Second, on the RMB exchange rate. This is an economic issue and as such, it must not be politicized. Some people try to link the RMB exchange rate with China's trade surplus, claiming that China has gained a competitive advantage by keeping the RMB exchange rate artificially low. In fact, there is no necessary linkage between the two. Take the United States for example. For over 90 years from the 1870s to the 1970s, the United States ran a trade surplus. Then it got into a deficit, and the deficit grew bigger and bigger. Obviously, this shift in the balance of trade was not the result of changes in the dollar's exchange rate. In the case of China, while we run a surplus with the United States and Europe, we have a deficit with Japan and the Republic of Korea. It is clear that to a large extent, the trade imbalances between our two countries cannot be blamed on the RMB exchange rate. China has always been highly responsible regarding the RMB exchange rate, and it is necessary to put this issue in a historical context. Measured by the Bank for International Settlement indices, RMB's real effective exchange rate appreciated by as much as 55.2% between January 1994 and July this year, while other major currencies all depreciated noticeably: the US dollar, euro and Japanese yen were down by 2.5%, 3.8% and 19.5% respectively. We have kept the RMB exchange rate basically stable at an adaptive and equilibrium level since the outbreak of the financial crisis, while many other countries have depreciated their currencies by a big margin. Our effort has greatly contributed to global economic and financial stability and the recovery of the world economy. On 19 June this year, we further advanced the reform of RMB exchange rate regime by reaffirming the need of adjustment on the basis of market supply and demand with reference to a basket of currencies, and enhanced the flexibility of the exchange rate. This represents a positive effort made by China despite the tremendous difficulties it faces. There is no basis for a drastic appreciation of RMB. I wish to point out that we will continue with exchange rate reform, for this is in China's long-term and fundamental interests. At the same time, we will take active and effective measures to conduct structural reform, expand domestic demand, especially consumer spending, and promote a more balanced BOP account.
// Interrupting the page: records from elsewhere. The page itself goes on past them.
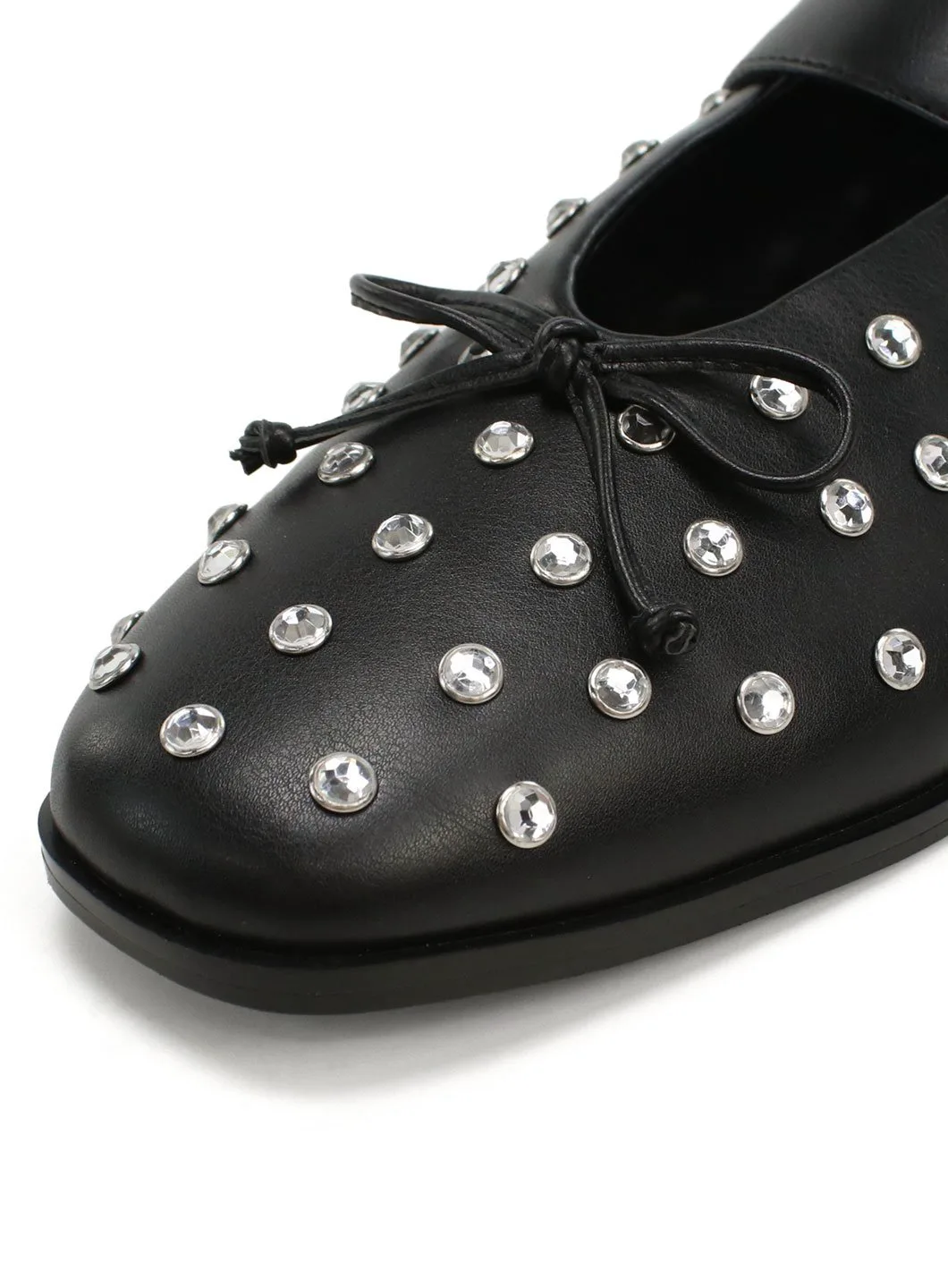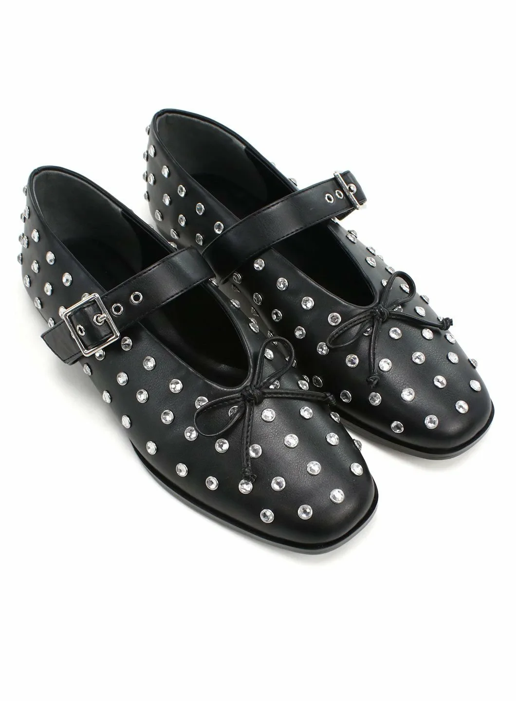 Черный 2: Яркий, привлекательный материал, изготовленный из гладкой экокожи с металлическими стразами, расположенными в виде точек.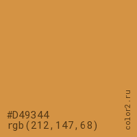 Цвет #D49344 в цветовой модели RGB обозначается тремя октетами (212, 147, 68) в десятичном формате и #D49344 в шестнадцатиричном (hex) формате, которые являются интенсивностью красного 212 (hex D4), интенсивность зелёного 147 (hex 93) и интенсивность синего 68 (hex 44).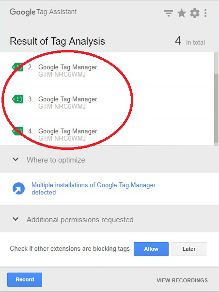 Nonostante sul sito sia implementato un solo snippet di Google Tag Manager, può capitare che la nota estensione per Chrome, Google Tag Assistant, utile per verificare di aver installato correttamente i vari tag Google nelle pagine del sito, mostri più di un istanza dello stesso codice del GTM seguita dal messaggio “Multiple installation of Google Tag Manager detected“, Fig. 1.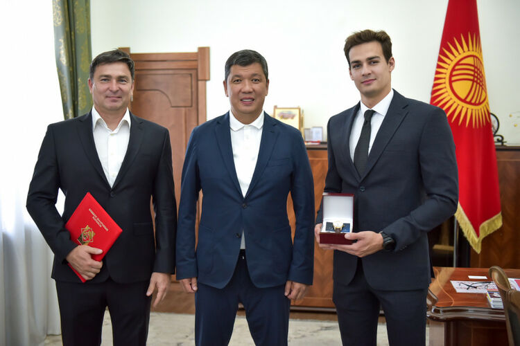 Bishkek Mayor Aibek Dzhunushaliev met with renowned Kyrgyz swimmer Denis Petrashov and his coach, Evgeny Petrashov. The press service of the City Hall reported.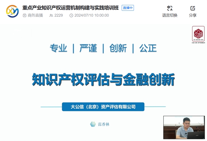网络直播:大公信(北京)资产评估有限公司西南运营中心评估评价部部长范香林就“知识产权评估与金融创新”进行了专题报告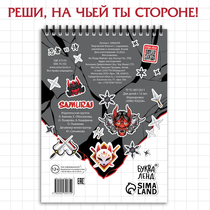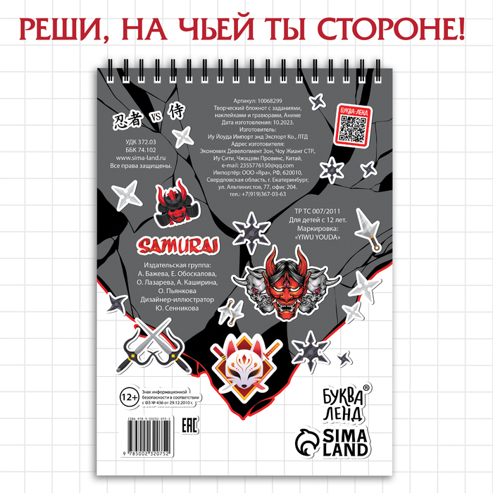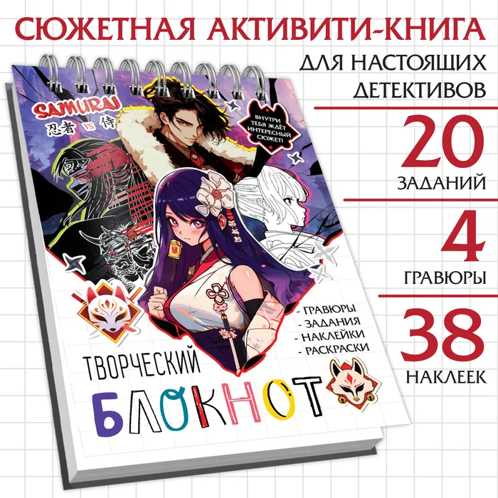 Творческий блокнот — это не просто набор бумаги и карандашей, это увлекательное приключение в мир загадок и творчества. Стань настоящим детективом и разгадай причину войны между ниндзя и самураями, расшифровав древние письмена.

Third, on China's investment environment. I wish to stress here that the investment environment in China has indeed changed. It is becoming more standardized, more transparent and more favorable to investors with strategic vision. By the end of last July, paid-in foreign investment in China topped US$1 trillion. And for 18 years in a row, China has attracted more foreign investment than any other developing country. Foreign-invested companies have become an important part of the Chinese economy. The advanced technologies and managerial expertise they bring to China have had a profound impact on every sector of the Chinese economy and society and accelerated China's integration into the global economy. Foreign companies, for their part, have benefited greatly from China's open market. Even at the height of the financial crisis, their operations in China were in good shape, and many became the bright spot and profit center in the global business of their parent companies. The 2010 China Business Climate Survey released by AmCham-China early this year shows that 71% of US companies in China were profitable in 2009 and 91% were optimistic about the outlook in the next five years. By sharing with you the above information, I'm not suggesting we can be complacent. Instead, we will continue to improve foreign-related economic laws, regulations and policies, abide by WTO rules and offer a stable, transparent and predictable investment environment. All enterprises registered in China according to Chinese laws enjoy national treatment, and we give them equal treatment in terms of indigenous innovation product accreditation, government procurement and IPR protection. We sincerely welcome American businesses to actively participate in China's reform and opening-up and share the opportunities and benefits of China's prosperity and progress.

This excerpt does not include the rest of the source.